Provider. OpenAI by default. Any OpenAI-compatible endpoint works. Configured via ScryonProperties.Llm (model, base URL, API key, temperature, timeout).

What the LLM receives

AnalysisPrompt builds a two-part chat completion:

  1. A system prompt that defines the output schema and the rules (no inventing names/dates, cite sourceSegmentIds, avoid generic phrasing, etc.).
  2. A user prompt containing:
    • A non-PII call metadata block (callId, recordedAt, durationSeconds, optional title).
    • The compact transcript view — language, durationSeconds, speakers[], and segments with stable seg_NNNN ids, speakerId, role, times, and text.

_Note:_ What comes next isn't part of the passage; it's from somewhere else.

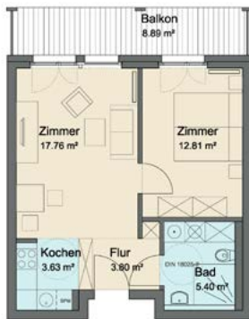
Wohnung Typ 1

The transcript is post-resolution — by the time it reaches the LLM, speakers are named where evidence allowed, and ids are stable.

Speaker-neutral narrative. Speaker ids/labels are used only to resolve action-item ownership. The summary, bullets, discussion points, and sections are written speaker-neutral — what was discussed/decided/agreed, not who said it (e.g. "A revised quote was requested" rather than "Speaker 1 asked for a revised quote"). Real names appear only when the transcript states them and naming the person matters (e.g. someone to follow up with). "Speaker 1 / Speaker 2" phrasing never appears in human-readable text.

No repetition. executiveSummary, executiveSummaryBullets, keyDiscussionPoints, and sections must not restate the same fact. Each fact lives in its single best home: prose = 2–4 sentence headline; bullets = the one detailed view; discussion points = only when chronological flow adds something the bullets don't (may be empty); sections = only when thematic grouping adds structure beyond the bullets.

Schema versions

VersionWhat's in it
v1Prose executiveSummary, sections[], flat Sentiment { overall, reason }. No tone.
v2 (current)Adds executiveSummaryBullets[] (bullet companion to the prose summary), keyDiscussionPoints[] (chronological flow), enriched Sentiment (numeric score, per-party split, progression[], emotionalSignals[]), and a new top-level Tone. All additions are nullable — v1 artifacts still deserialise unchanged.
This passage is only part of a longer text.